When MGR passed away in 1987, the AIADMK split into two factions—one led by MGR’s widow Janaki Ramachandran and the other backing Jayalalithaa as his successor. Janaki took over as chief minister in 1987, although her government was soon dismissed by the then Rajiv Gandhi government. This paved the way for Jayalalithaa to take control of the party in 1989. She has remained party chief ever since. Despite numerous controversies surrounding her political career, "Amma" has long enjoyed a cult-like following in the state, largely due to her populist and pro-poor schemes.
In her first term as chief minister (1991-1996), she was dogged with numerous corruption charges, including amassing assets disproportionate to her known source of income—a case that is still pending in the Supreme Court. She suffered a thumping defeat in the 1996 elections to the DMK as a result of these corruption charges. Until 2016, Tamil Nadu had swung back and forth between DMK and AIADMK every five years.
Going against the see-saw nature of the state’s electorate, Jayalalithaa secured a second consecutive term in 2016, winning 136 of the 232 seats. The last time any chief minister secured consecutive terms in the state was MGR in 1984. Jayalalithaa successfully overcame the negative publicity generated by corruption charges, news of her ill-health and accusations of not caring about citizens during the recent Chennai floods.

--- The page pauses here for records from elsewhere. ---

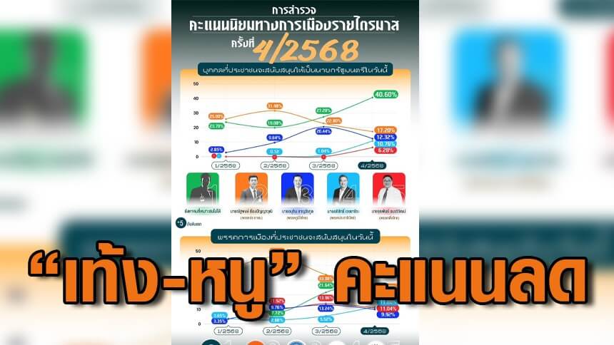 นิด้าโพล เผยความนิยมไตรมาสสุดท้ายของปี "เท้ง-หนู" กอดคอกันคะแนนลด ขณะ "อภิสิทธิ์" ความนิยมพุ่งขึ้น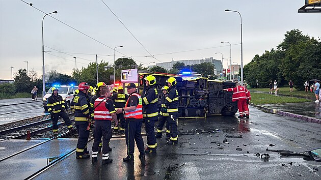 V Hostivaři se po srážce s jiným autem převrátila sanitka. (15. června 2025)
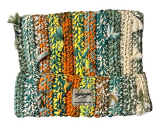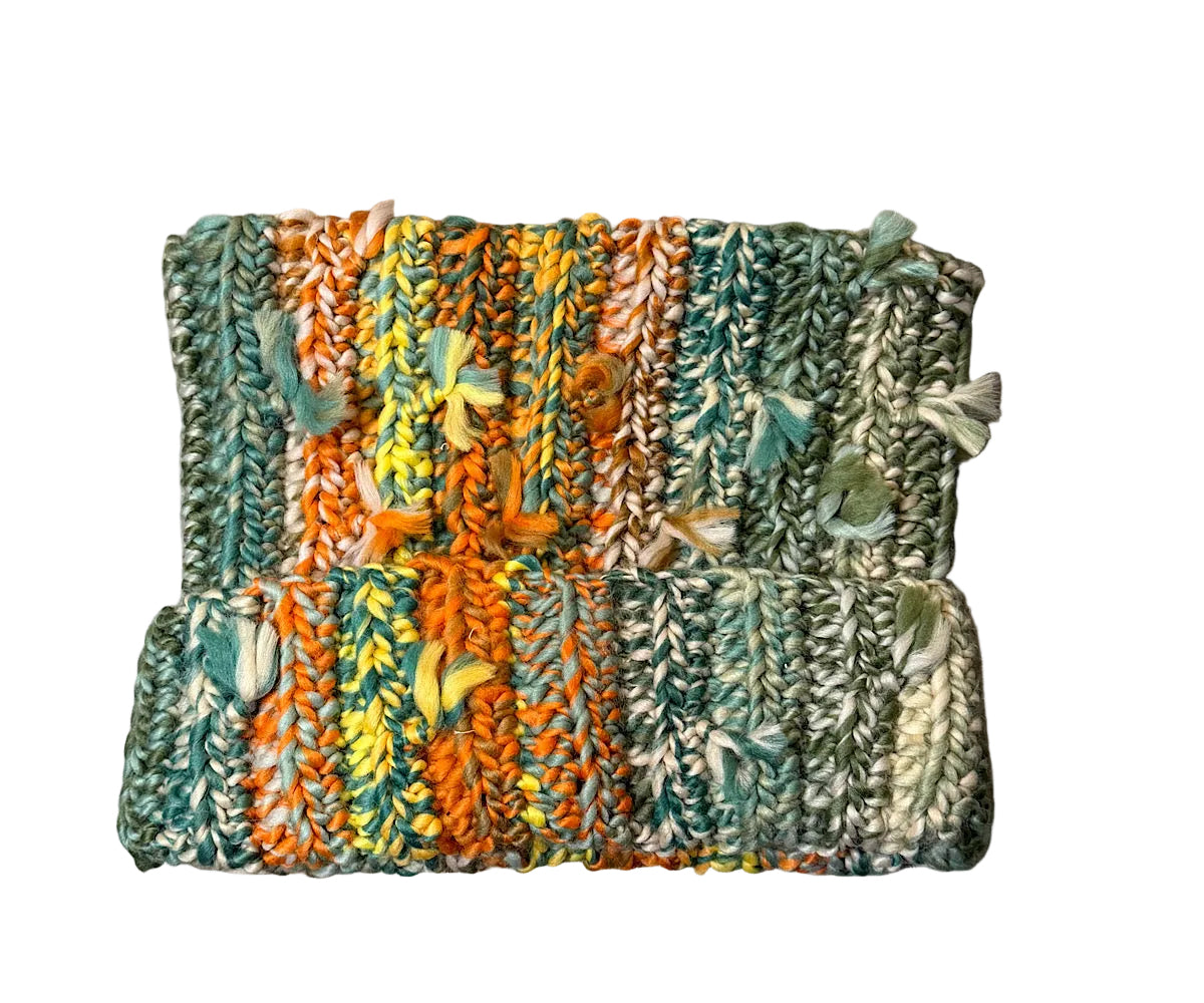 Hand-knit with rich earth-tone yarns in green, cream, orange, and yellow. Features textured stitching, subtle tassel details, and a premium Needlework label—heavyweight, warm, and one-of-a-kind.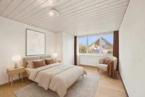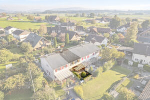 Diese elegante Dachwohnung bietet 114 m² Wohnfläche, einen hellen Wohnbereich mit Schwedenofen, einen gedeckten Balkon mit Blumenbeet sowie zwei Nasszellen (Bad/WC mit Dusche und Gäste-WC). Dank Sanierungen 2020/2022 (Bad, Küchengeräte, Wärmepumpe) präsentiert sich die Wohnung in gepflegtem Zustand. Wärmepumpe, Bodenheizung, Keller, Abstellraum und Velokeller runden das Angebot ab. Zwei Einstellhallenplätze können für je CHF 30’000.– dazu gekauft werden. Ruhige Lage mit optimaler Anbindung nach Bern, Zürich und Basel.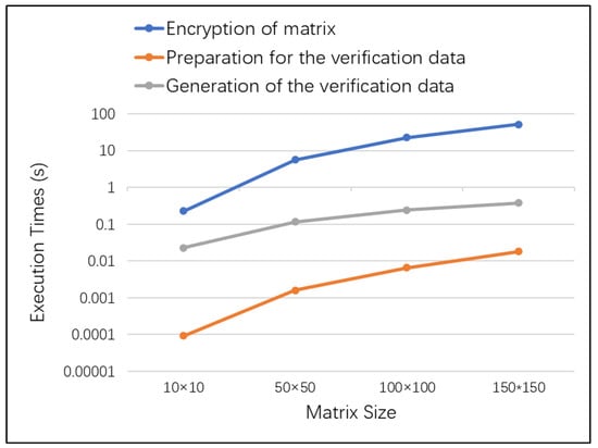 The following describes the publicly verifiable matrix–vector multiplication scheme that we use based on [], which consists of four algorithms: . Table 3 shows the data size in the scheme, and the details are given below:

Although the AIADMK’s vote share fell from the highs of the last assembly elections and the 2014 general elections, it was still approximately 10 percent more than the DMK. Similar to Mamata Banerjee in Bengal, the Tamil Nadu chief minister has fulfilled many of the welfare promises made to the people. Moreover, she has gained traction with the voters, especially women, on her promise for a phased implementation of prohibition. As long as one can remember, the party and its politics have based on the personality of Jayalalithaa. She has remained omnipresent in the party, brooking no dissent. In fact, some have observed that no other leaders were allowed to grow. Most government welfare schemes and even flood relief are packaged under her name.
In light of Tamil Nadu Chief Minister J Jayalalithaa worsening health condition, her party, the AIADMK may once again revert to its usual strategy. On Monday top party leaders went into a huddle on to discuss the party’s future. First in line in any succession would be O Panneerselvam, who has been acting chief minister ever since Jayalalithaa was admitted to the hospital on September 22. Panneerselvam took over as chief minister from Jayalalithaa on two previous occasions when she was unable to hold office—the last time during her trial in the Disproportionate Assets case heard in Karnataka High Court. His loyalty to the chief minister has been well documented.
In 2014, for instance, he took the oath with her picture in his pocket and reportedly refused to enter the chief minister's office. The interim shuffle of portfolios may ensure that the state will not have to go under governor's rule, which some in the Opposition were eager to introduce. The AIADMK will have to convince their electorate that her possible absence from the chief minister's office does not dent the credibility of the state government. Political commentators argue that "Amma" has failed to establish a credible second rung leadership in her party.
Only time will tell if this is indeed a correct assessment. Similar issues were raised when MGR passed away in 1987. Tamil Nadu is a key cog in the India’s economic growth engine, as a manufacturing hub with a massive proportion of skilled labour. It needs a stable government to ensure that the wheels of development do not come to a grinding halt.
Tamil Nadu waits with bated breath on future developments.